> **SUPPLIED MATERIAL**:
• • • • • • •

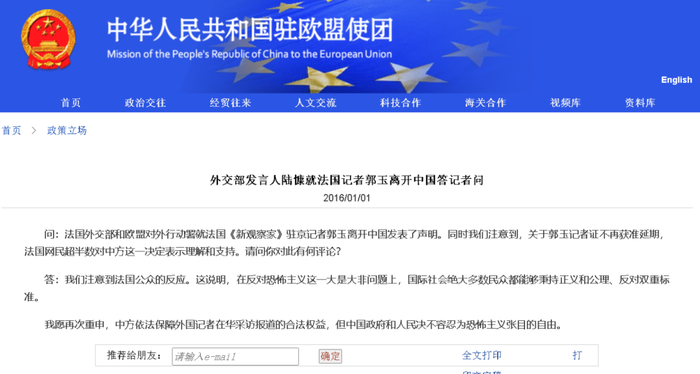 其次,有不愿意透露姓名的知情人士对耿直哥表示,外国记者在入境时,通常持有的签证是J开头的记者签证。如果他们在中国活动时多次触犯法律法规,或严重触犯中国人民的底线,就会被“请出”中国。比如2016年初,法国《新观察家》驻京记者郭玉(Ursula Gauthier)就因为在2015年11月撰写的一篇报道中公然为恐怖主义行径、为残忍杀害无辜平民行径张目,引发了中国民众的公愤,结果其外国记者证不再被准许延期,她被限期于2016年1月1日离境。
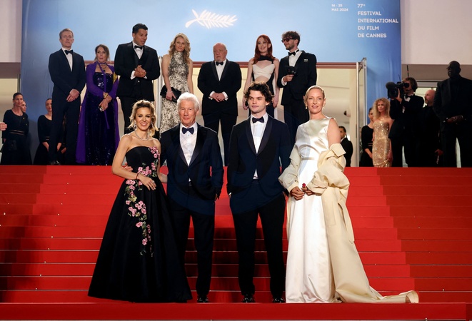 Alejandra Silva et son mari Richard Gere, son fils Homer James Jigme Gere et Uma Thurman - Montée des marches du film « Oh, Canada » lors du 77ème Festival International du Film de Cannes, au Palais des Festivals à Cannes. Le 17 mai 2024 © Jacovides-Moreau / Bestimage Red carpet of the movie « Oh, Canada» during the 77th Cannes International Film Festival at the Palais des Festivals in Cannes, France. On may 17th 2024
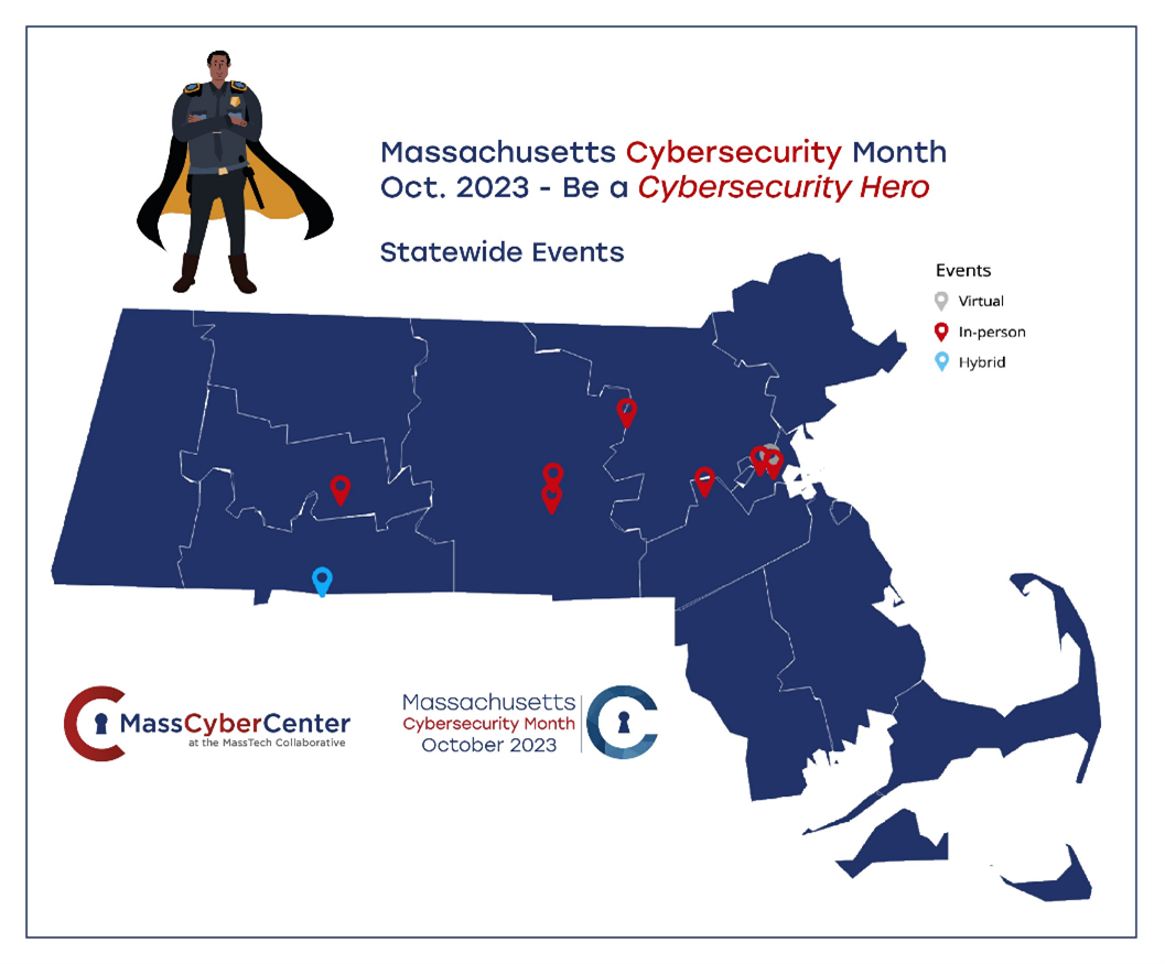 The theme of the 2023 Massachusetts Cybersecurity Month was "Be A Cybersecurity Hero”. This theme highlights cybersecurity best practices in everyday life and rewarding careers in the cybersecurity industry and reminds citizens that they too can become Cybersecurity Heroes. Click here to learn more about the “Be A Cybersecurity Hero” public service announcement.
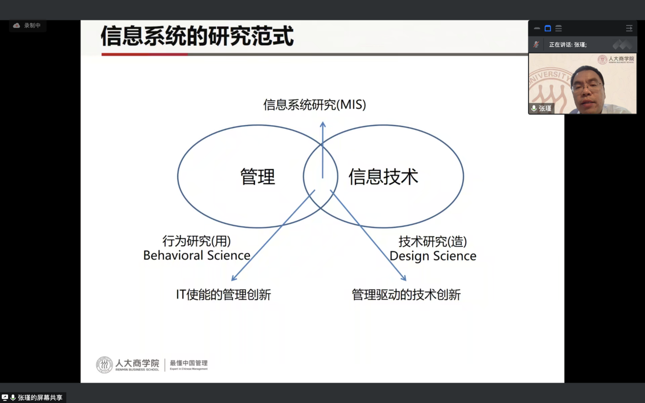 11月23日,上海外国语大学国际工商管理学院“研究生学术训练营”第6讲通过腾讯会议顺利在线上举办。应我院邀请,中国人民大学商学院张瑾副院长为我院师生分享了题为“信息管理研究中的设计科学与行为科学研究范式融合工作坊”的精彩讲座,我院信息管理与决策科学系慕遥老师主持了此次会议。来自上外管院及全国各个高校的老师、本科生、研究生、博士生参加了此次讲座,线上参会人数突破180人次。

• • • • • • •

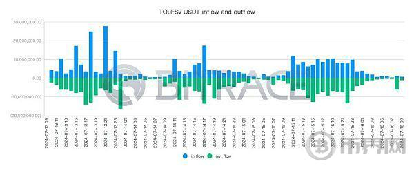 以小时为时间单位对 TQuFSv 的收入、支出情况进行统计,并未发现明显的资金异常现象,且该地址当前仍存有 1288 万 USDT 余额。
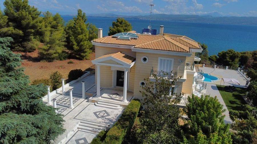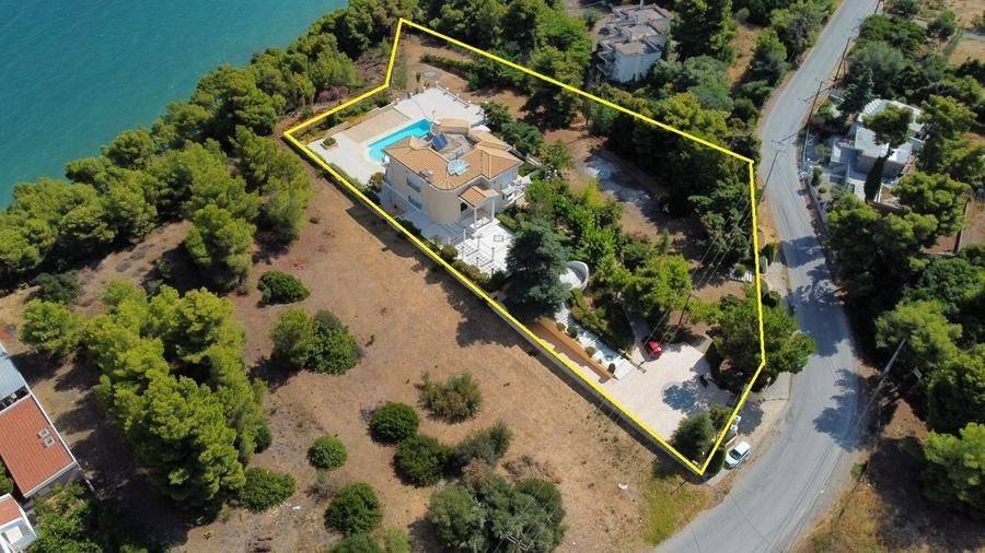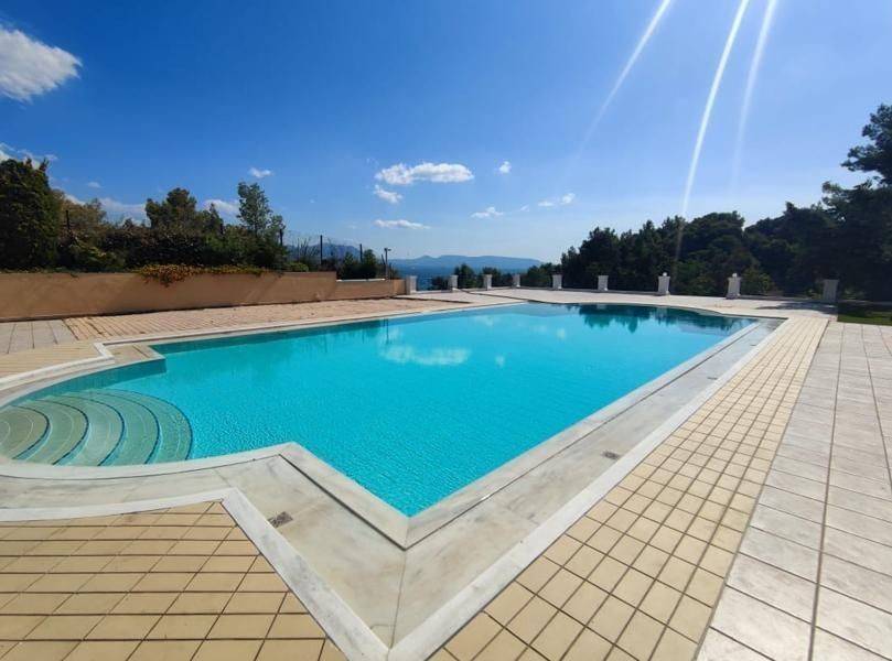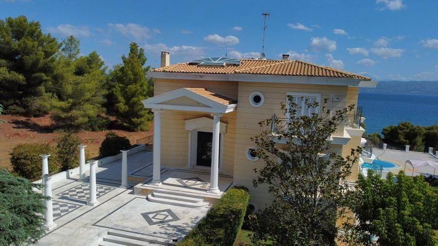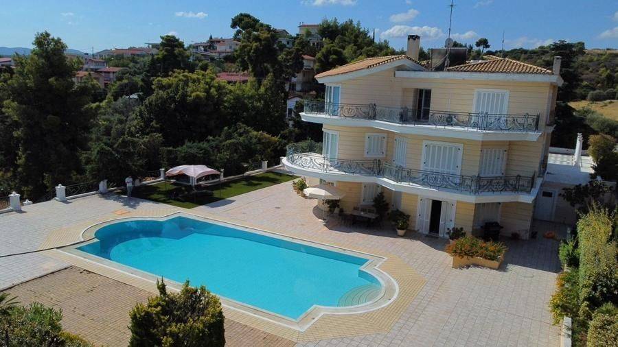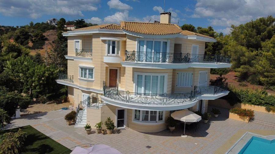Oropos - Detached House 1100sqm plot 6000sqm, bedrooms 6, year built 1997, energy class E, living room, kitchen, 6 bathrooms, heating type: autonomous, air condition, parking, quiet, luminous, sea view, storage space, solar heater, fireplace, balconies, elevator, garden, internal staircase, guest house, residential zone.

• • • • • • •

> **PROBLEM TO SOLVE**: Write out word for word the lines of the listing above from the line with "以小时为时间单位对 TQuFSv 的收入、支出情况进行统计,并未发现明显的资金异常现象,且该地址当前仍存有" to the line with "Oropos - Detached", taking in both of those lines but no pictures.

> **RESPONSE BOX**:
 以小时为时间单位对 TQuFSv 的收入、支出情况进行统计,并未发现明显的资金异常现象,且该地址当前仍存有 1288 万 USDT 余额。
Oropos - Detached House 1100sqm plot 6000sqm, bedrooms 6, year built 1997, energy class E, living room, kitchen, 6 bathrooms, heating type: autonomous, air condition, parking, quiet, luminous, sea view, storage space, solar heater, fireplace, balconies, elevator, garden, internal staircase, guest house, residential zone.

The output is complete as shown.